*Problem to work on*: Quote word for word the lines below, beginning with the first and ending with the one that has "This specific post". Drop the pictures.

*Given information*:
============================================================

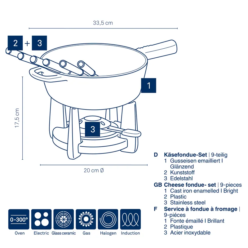 • Zestaw do fondue serowego idealny dla sześciu osób
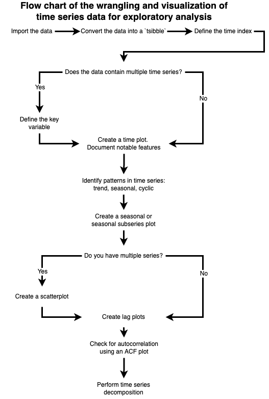This specific post provides an example of exporting Google Analytics 4 data from BigQuery and importing it into R, a statistical programming language. Then, it focuses on documenting the wrangling, visualization, and exploratory analysis steps involved when working with time series data. Lastly, the exploratory analysis is used to narrow the analysis’ scope, where specific series will be identified as potential candidates to be included in a model forecasting order completion page views on the Google Merchandise store. To help summarize the exploratory analysis steps performed here, I have created the following flow chart:
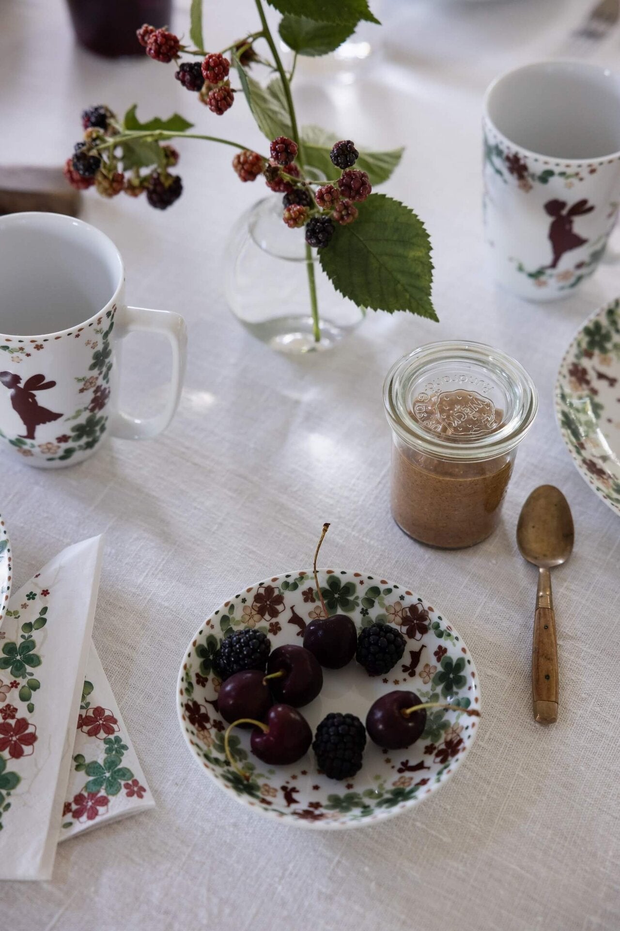 Alveblomst bolle 13 cm har et vakkert blomsterdesign og en naturlig fargepalett som passer til hverdagens små og store øyeblikk. Den er laget av rent, slitesterkt porselen som tåler både oppvaskmaskin og stekeovn, og er derfor perfekt til daglig bruk. Alveblomst er en fornyelse av signaturkolleksjonen Alv, og passer like fint sammen med Alv-serien som alene. Det delikate blomsterdesignet henter inspirasjon fra naturen og skaper en rolig og harmonisk atmosfære.

============================================================

*Answer space*:
 • Zestaw do fondue serowego idealny dla sześciu osób
This specific post provides an example of exporting Google Analytics 4 data from BigQuery and importing it into R, a statistical programming language. Then, it focuses on documenting the wrangling, visualization, and exploratory analysis steps involved when working with time series data. Lastly, the exploratory analysis is used to narrow the analysis’ scope, where specific series will be identified as potential candidates to be included in a model forecasting order completion page views on the Google Merchandise store. To help summarize the exploratory analysis steps performed here, I have created the following flow chart:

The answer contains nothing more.